I don't think it's about this list coming from Oprah's personal desk, and I really don't care if she has a man or not... All I know is that most of the things on this list are things we don't always take in consideration when our hearts are numbed by the force of love, and that they can hurt if we are stubborn and ignore them. I don't like chain letters either, but if something is good enough why not share it? Wise advise is always appreciated...

Oprah list.

Those are her view points. I think most of them are common sense. All she saying is to be smart and listen to your instincts. She is so right about men spreading there genenic genes around, and having babies by more than one lady. To me it shows how he can not commit to a person, and how does that look to his children. It doesn't set the right example to procreate all over the place. I know because I am a single mother, and my son father has relationship after relationship, kids by all the women he has been involved with... Enough said about that!

All Oprah's points are her points, and I agree with most of them. I think after 22 years of interviews, she has seen and heard it all. Yea she never been married, neither has Goldie, but they are in a happy committed relationships. You can be with a Man, be committed to him without giving up yourself. It works both ways in my opinion, you have to be good to him and he has to be there for you. I was married myself and now I am S.A.D.(Single and Divorced). I am happy, and if I do meet that man who rocks my world, I am going to rock his world right back.

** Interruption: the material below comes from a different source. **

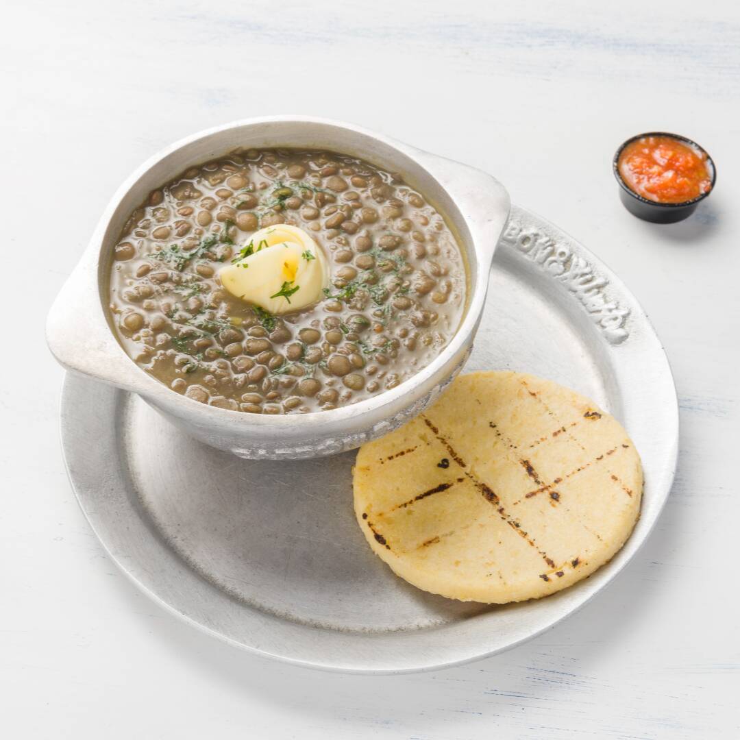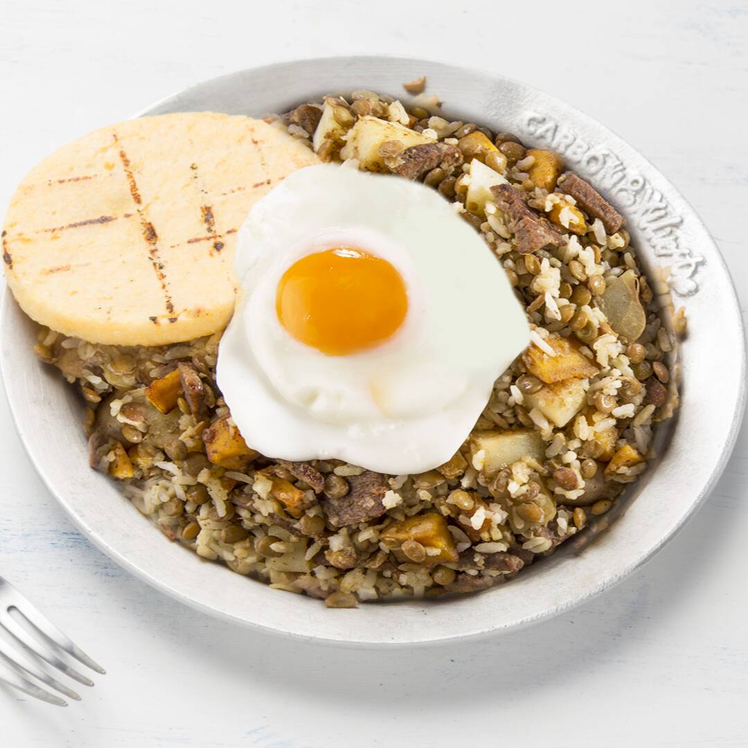 Espectacular calentado con lentejas, acompañado de trozos de carne de res, plátano maduro picado, huevo frito y arepa.

What Oprah Winfrey had to say about men-comment

I got where she was coming from, and by and large I agree. However, like Cheryl commented, she made a lot of generalizations that don't necessarily apply to all women or all men.
The man in my life today came to me after a long journey learning about myself, who I am and what it is I want out of life. We have spent a great deal of time getting to know one another, and I feel very secure in making the lifelong commitment to be his wife and to have him as my husband. We have helped one another "unpack our baggage", and will continue to do so for as long as we live. For us, it is called love.
"The journey of a thousand miles begins with a single step".